## Supplied data
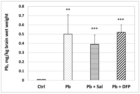 Pb concentration in the brains of experimental mice: Ctrl—untreated control group; Pb—Pb-exposed group; Pb + Sal—Pb-intoxicated mice treated with salinomycin; Pb + DFP—Pb-intoxicated mice treated with deferiprone. Data are presented as mean + SD. ** p < 0.01, *** p < 0.001 compared with the untreated control group.
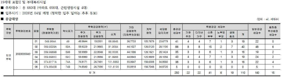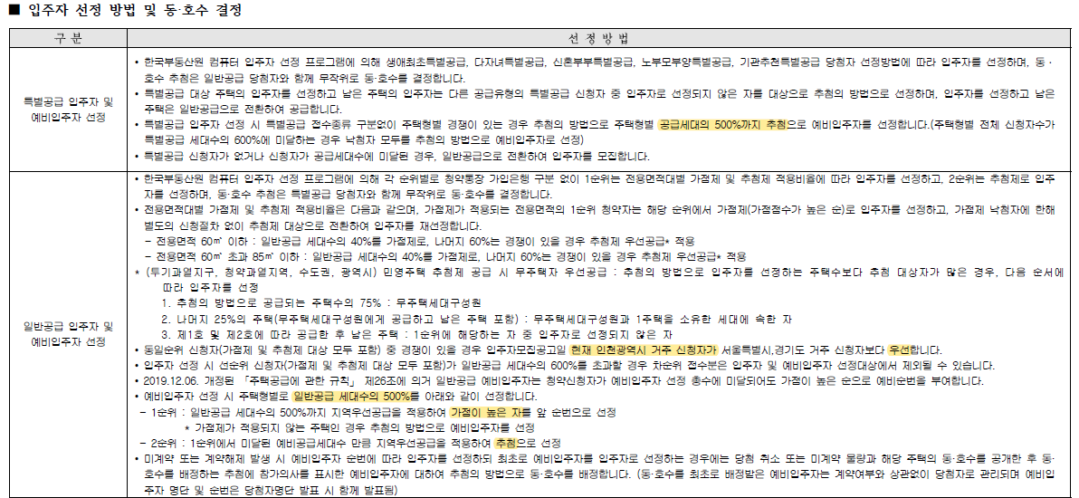 [특별공급 세대(일반[기관추천] 22세대, 다자녀가구 22세대, 신혼부부 41세대, 노부모부양 6세대, 생애최초19세대 포함)]
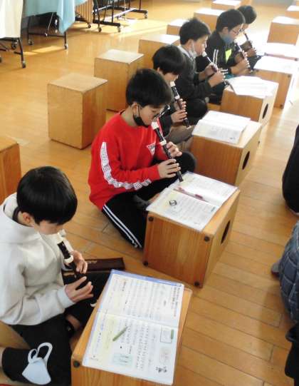 スラーがついているところのタンギングや強弱に気を付けながら「威風堂々」の主な旋律をリコーダーで演奏していました。音楽室からはゆったりとしたきれいな音色が響いていました☆
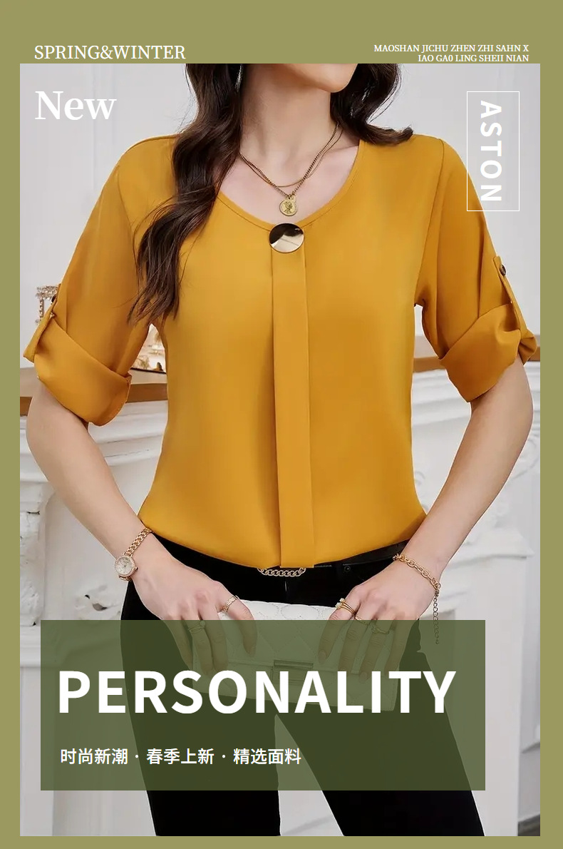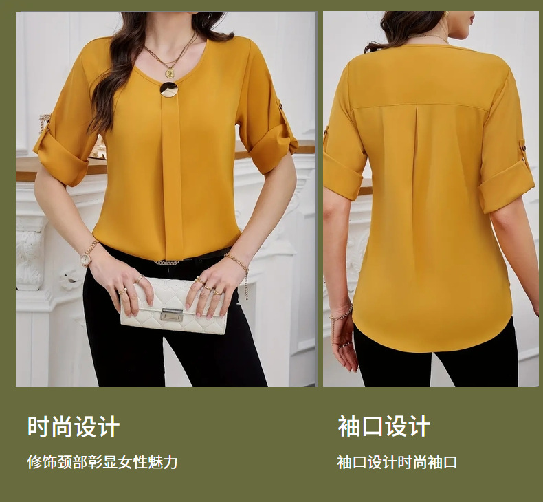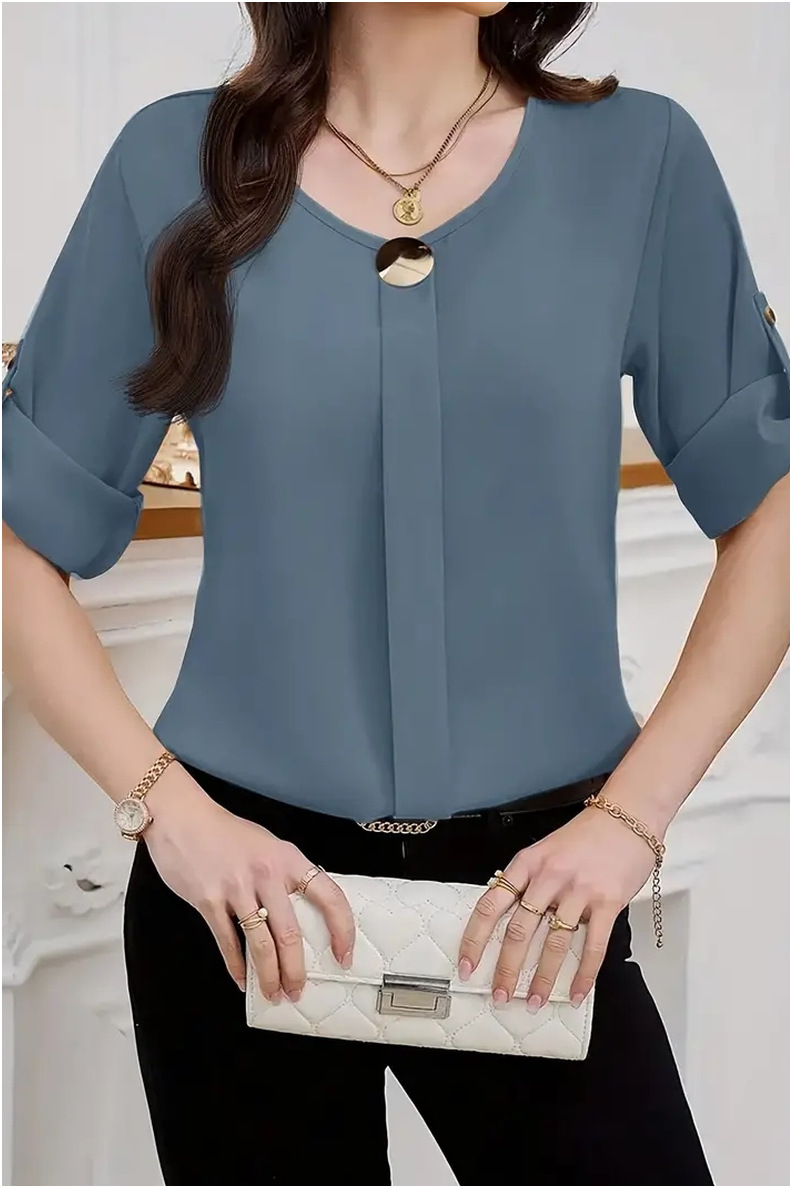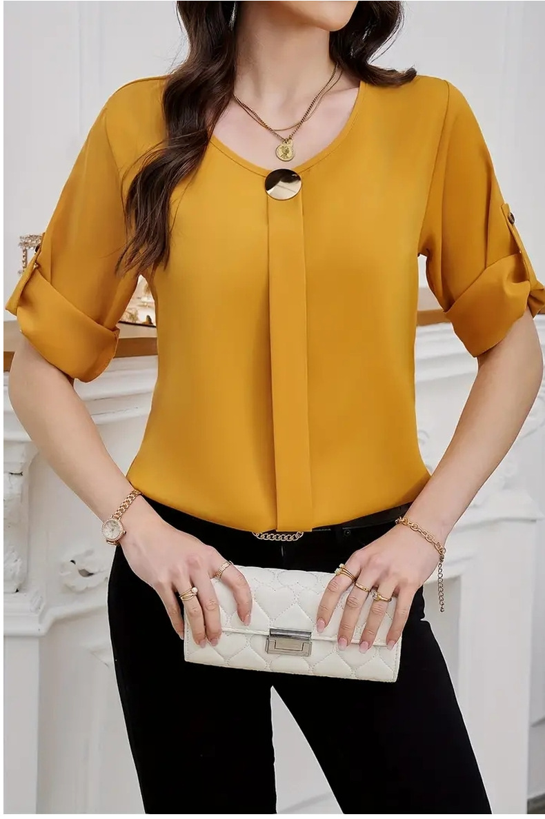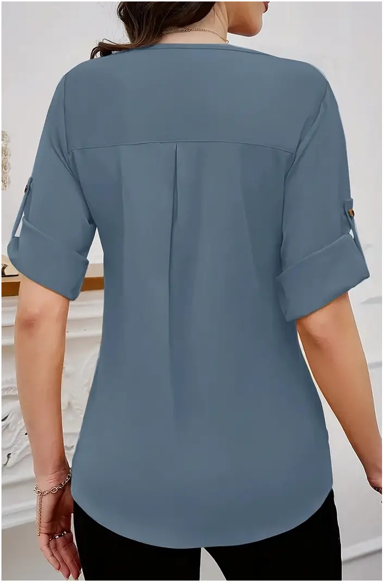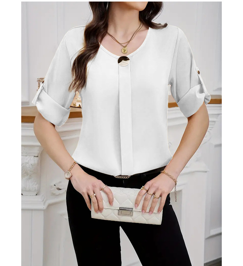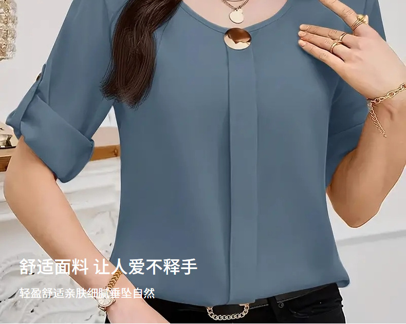 새로운 비즈니스 올 매치 작업 옷 라운드 넥 롤 소매 간단한 우아한 디자인 패션 캐주얼 여성 셔츠 우아한 세트스토어 가기

## Task brief
Reproduce all of the data exactly, omitting each picture it holds.

## Finished exercise
 Pb concentration in the brains of experimental mice: Ctrl—untreated control group; Pb—Pb-exposed group; Pb + Sal—Pb-intoxicated mice treated with salinomycin; Pb + DFP—Pb-intoxicated mice treated with deferiprone. Data are presented as mean + SD. ** p < 0.01, *** p < 0.001 compared with the untreated control group.
 [특별공급 세대(일반[기관추천] 22세대, 다자녀가구 22세대, 신혼부부 41세대, 노부모부양 6세대, 생애최초19세대 포함)]
 スラーがついているところのタンギングや強弱に気を付けながら「威風堂々」の主な旋律をリコーダーで演奏していました。音楽室からはゆったりとしたきれいな音色が響いていました☆
 새로운 비즈니스 올 매치 작업 옷 라운드 넥 롤 소매 간단한 우아한 디자인 패션 캐주얼 여성 셔츠 우아한 세트스토어 가기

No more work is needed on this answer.